◆ Task objective ◆
From the listing below, retype exactly the line holding "Комфортный недорогой зал.Большая", the line holding "If a model on", and the lines between them; skip everything else.

Start of Material for this task

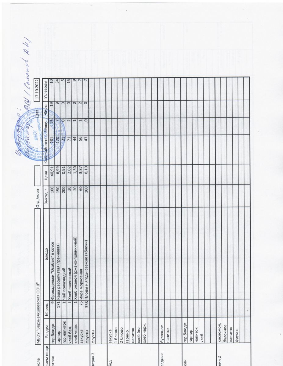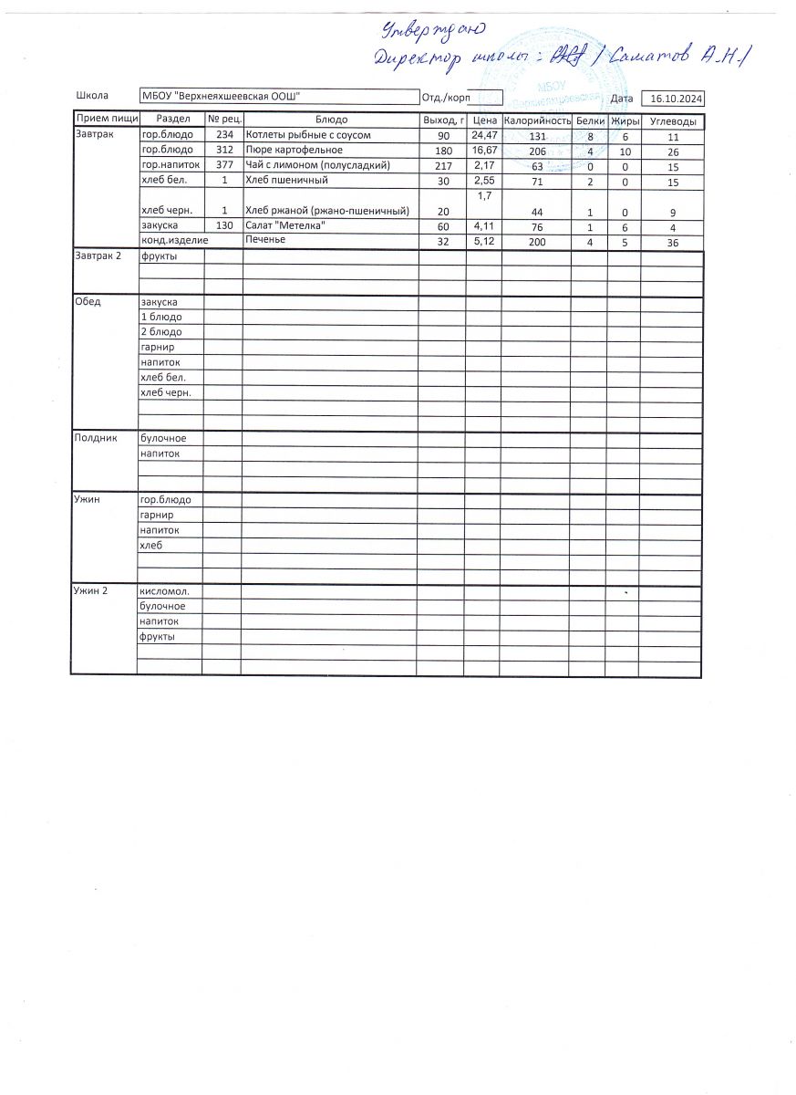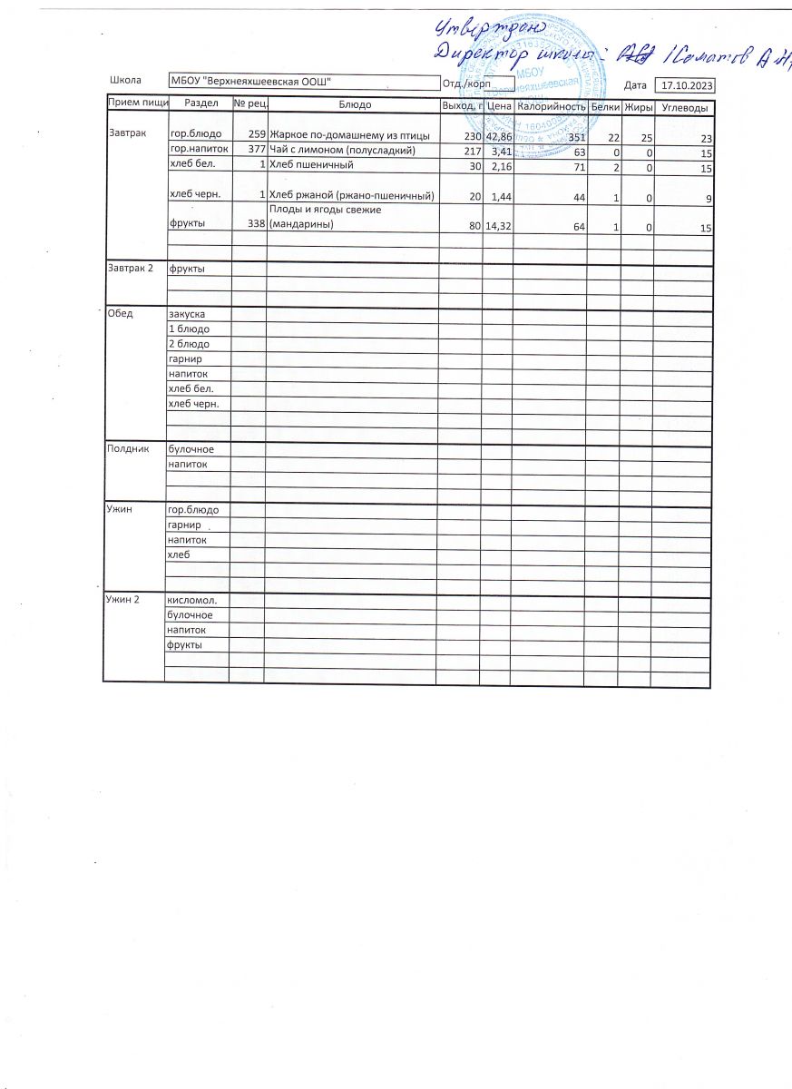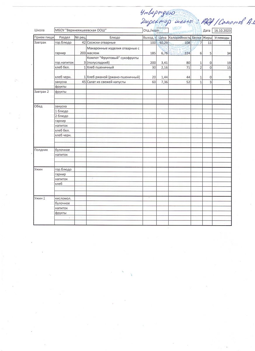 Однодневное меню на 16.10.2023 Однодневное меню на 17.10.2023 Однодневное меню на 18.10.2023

End of Material for this task
Start of Material for this task

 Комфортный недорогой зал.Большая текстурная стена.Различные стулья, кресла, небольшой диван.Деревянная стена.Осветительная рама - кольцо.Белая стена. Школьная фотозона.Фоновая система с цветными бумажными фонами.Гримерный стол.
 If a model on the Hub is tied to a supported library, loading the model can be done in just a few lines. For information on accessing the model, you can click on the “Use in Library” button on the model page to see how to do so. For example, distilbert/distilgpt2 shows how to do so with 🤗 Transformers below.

End of Material for this task
Start of Material for this task

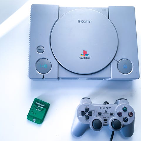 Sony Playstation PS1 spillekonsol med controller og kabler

End of Material for this task

◆ Answer to this task ◆
 Комфортный недорогой зал.Большая текстурная стена.Различные стулья, кресла, небольшой диван.Деревянная стена.Осветительная рама - кольцо.Белая стена. Школьная фотозона.Фоновая система с цветными бумажными фонами.Гримерный стол.
 If a model on the Hub is tied to a supported library, loading the model can be done in just a few lines. For information on accessing the model, you can click on the “Use in Library” button on the model page to see how to do so. For example, distilbert/distilgpt2 shows how to do so with 🤗 Transformers below.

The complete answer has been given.